### How to complete this task
Repeat only the lines below that run from the line with "Vluchtelingen vertrekken bij Erasmus Sport." to the line with "钟离的圣遗物可选苍白4、苍白", ends included; skip every picture.

### Input material
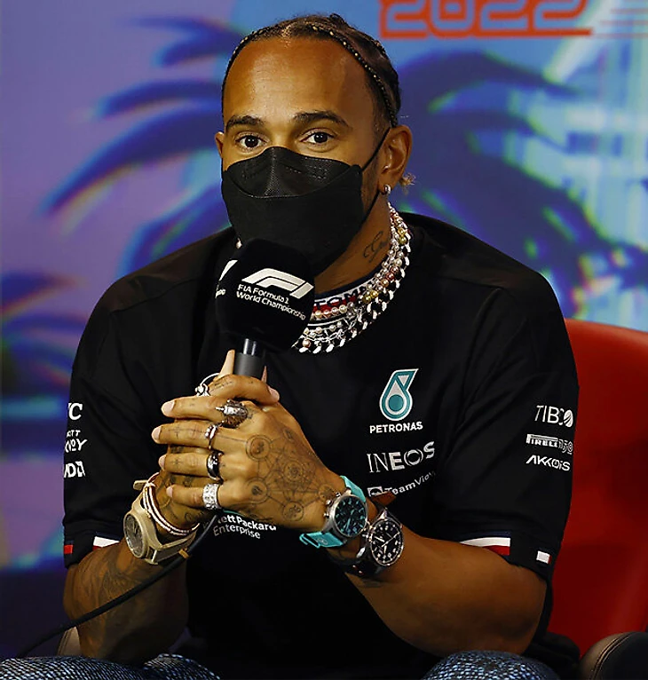 Но Льюису Хэмилтону, кажется, все равно – он отказался подчиниться запрету, а на пресс-конференцию перед Гран-при нацепил на себя какое-то неприличное количество украшений.
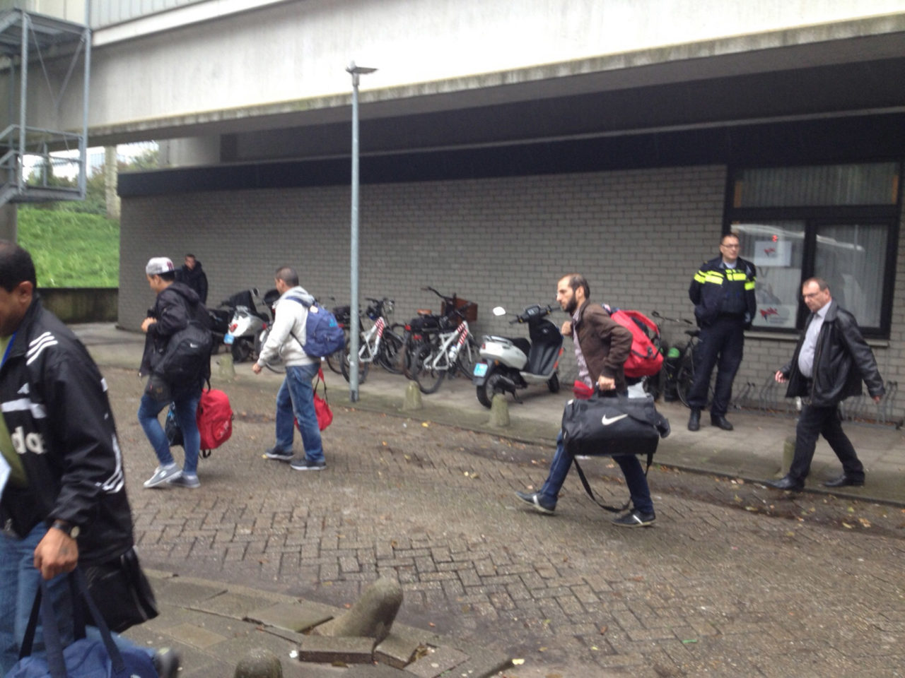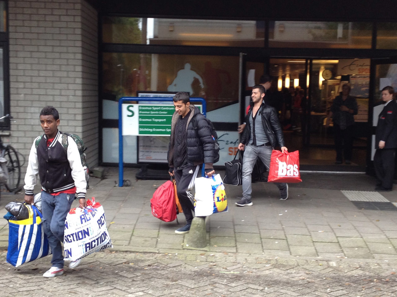 Vluchtelingen vertrekken bij Erasmus Sport.
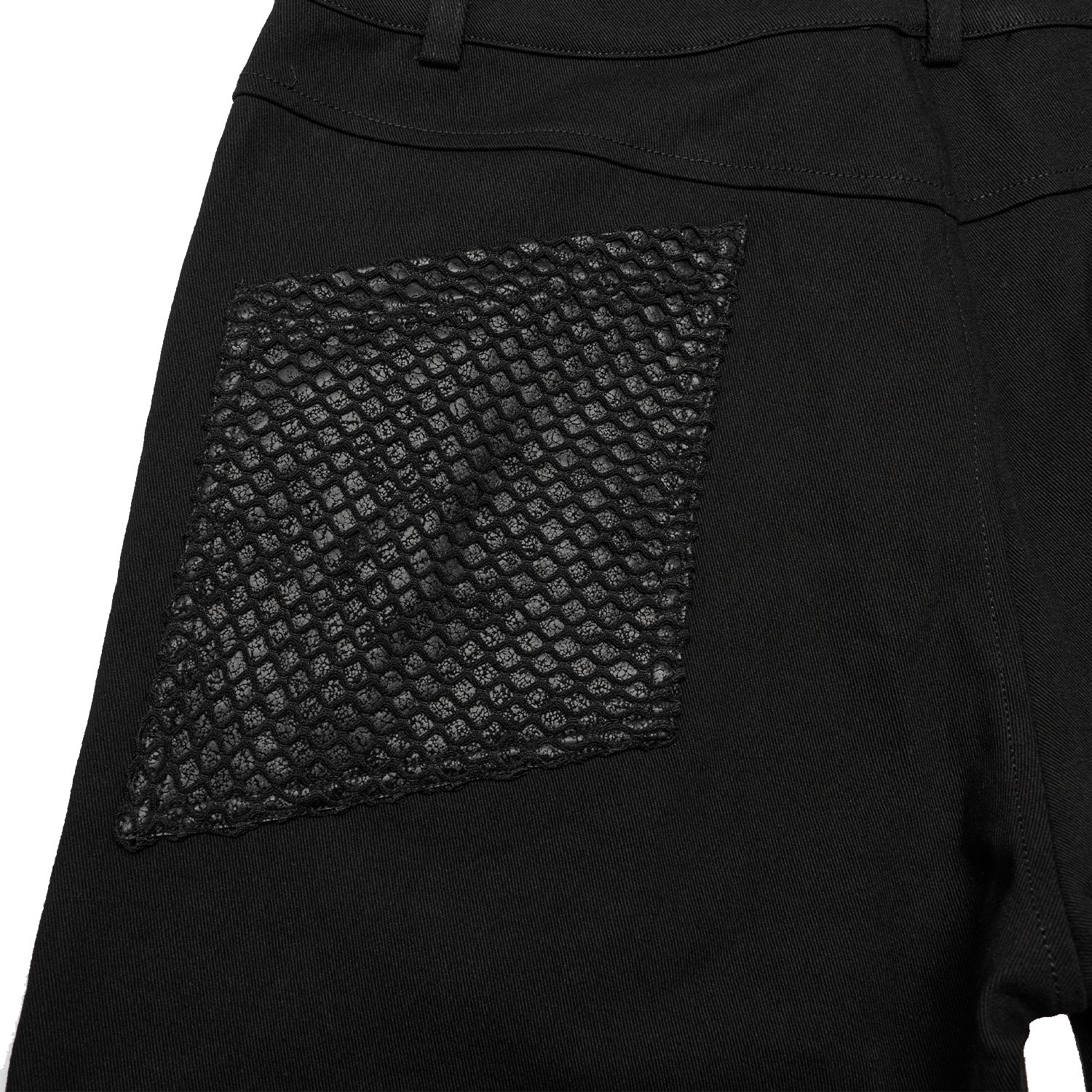 Pantalon en jean de style post apocalyptique pour hommes. • En coton stretch effet vieilli et délavé noir jais • Similicuir grainé doux • Panneaux latéraux en similicuir à l'avant et de la taille à...
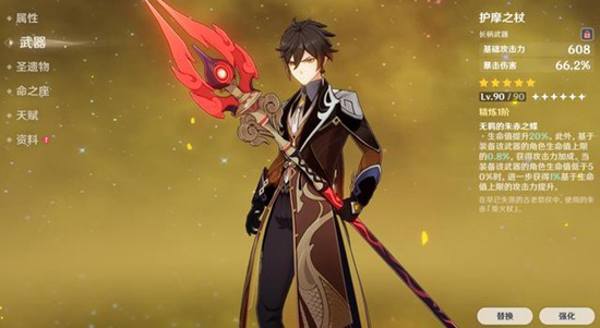 钟离的圣遗物可选苍白4、苍白2+骑士道2、流星4、追忆4;武器可选【护摩之杖】、【和璞鸢】、【贯虹之槊】、【千岩长枪】、【决斗之枪】等;属性选攻击沙+物伤杯+暴击/暴伤帽。
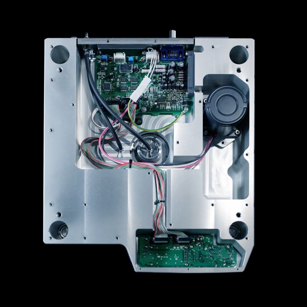 It employs a sub-platter system consisting of an inner-sub and an outer platter both precision machined from solid aluminum alloy A5056. With a total weight of 7kg it gives sufficient inertia for smooth and stable rotation. The outer platter surface is black anodized with a gloss hairline finish, and matches well with the silver aluminum plinth. It features a tapered spindle to absorb any swaying of an off center LP and a very thin pad of anti-vibration material applied on top to protect records.
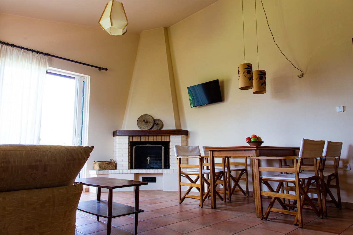 Discover a Mediterranean themed escape at this rustic designed modern home. The holiday retreat features wood furnishings and decor, blue hues throughout, contrasting motifs, and access to a communal garden with a BBQ. Just at the outskirts of the pretty hamlet of Svoronata, with views of Zante, the Ionian Sea and surrounding countryside, this charming, 50 sqm, 1st-floor residence, enjoys a tranquil location, very close to the airport, but quiet and perfect for a relaxing, romantic holiday for two or three. Sitting in an elevated position, it dominates splendid views from its' spacious terrace The private terrace of 45 sqm, located just in front of the apartment and the lovely garden underneath, with its' barbeque, create a wonderful setting for breakfast, coffee or meals. Although it is built in the common garden of the hosts’ permanent residence at the ground floor, it stands at the whole 1st floor itself, which is autonomous and shields guests from the house beneath it and there are no immediate neighbors overlooking the property. Patio doors allow plenty of light to flood into the open plan lounge with a sofa-double bed, dining and kitchen area. The comfortable double bedroom, with a king size bed, also has patio doors out to the furnished terrace at the front of the property. A bathroom is located two steps across the bedroom door, together with a kitchen with all the necessary utensils. The lovely garden at the ground floor and the barbeque are in common use with the hosts. The terrace of the 1st floor is private, for guests' use only. The hosts are everyday willing to help you spend unforgettable holidays. Their permanent residence is located at the ground floor. They moved to the island of Kefalonia in 2006. George is an Electrical Engineer. He likes the countryside, windsurfing, sailing and tennis. Sofia is working. She likes cooking, paragliding, excursions and traveling. They have two children. The house is 8 kilometers away from the capital of the island, Argostoli, and only 1 kilometer from the airport and the sea. A short 5-10 minute drive away are several of the island's most famous beaches, Ammes, Avithos, Ai Helis, Makris Gialos and Platis Gialos. They are located two to five kilometers away from this lovely residence. There are also markets, taverns, and shops nearby. A welcome basket of fresh fruits, juice, as well as a bottle of wine, will be offered to the guests upon their arrival.
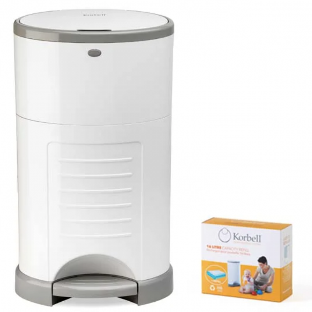 Auf der Suche nach einem Windeleimer bin ich über den Korbell SIM250DS gestolpert, da er Testsieger bei einigen Portalen ist. Besonders hervorzuheben ist wohl, dass man sowohl die (teuren) Schläuche, als auch reguläre 17L Säcke benutzen kann.
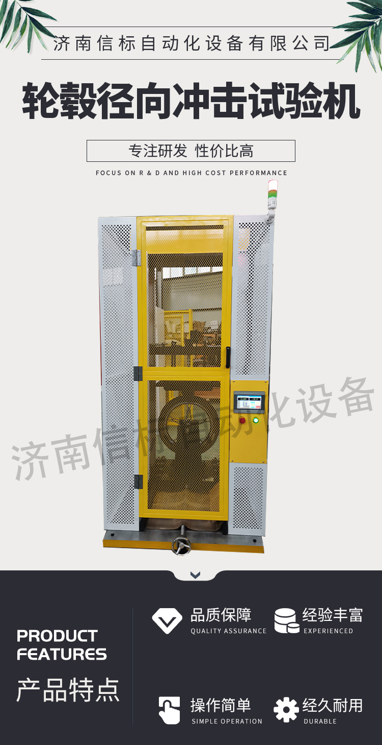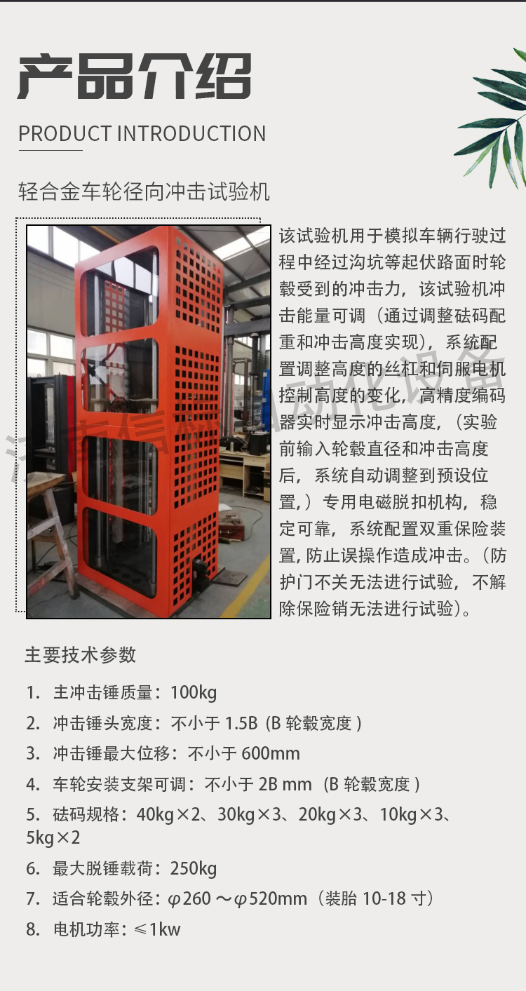该试验机用于模拟车辆行驶过程中经过沟坑等起伏路面时轮毂受到的冲击力,该试验机冲击能量可调(通过调整砝码配重和冲击高度实现),系统配置调整高度的丝杠和伺服电机控制高度的变化,高精度编码器实时显示冲击高度,(实验前输入轮毂直径和冲击高度后,系统自动调整到预设位置,)专用电磁脱扣机构,稳定可靠,系统配置双重保险装置,防止误操作造成冲击。(防护门不关无法进行试验,不解除保险销无法进行试验)。

### Result of the exercise
 Vluchtelingen vertrekken bij Erasmus Sport.
 Pantalon en jean de style post apocalyptique pour hommes. • En coton stretch effet vieilli et délavé noir jais • Similicuir grainé doux • Panneaux latéraux en similicuir à l'avant et de la taille à...
 钟离的圣遗物可选苍白4、苍白2+骑士道2、流星4、追忆4;武器可选【护摩之杖】、【和璞鸢】、【贯虹之槊】、【千岩长枪】、【决斗之枪】等;属性选攻击沙+物伤杯+暴击/暴伤帽。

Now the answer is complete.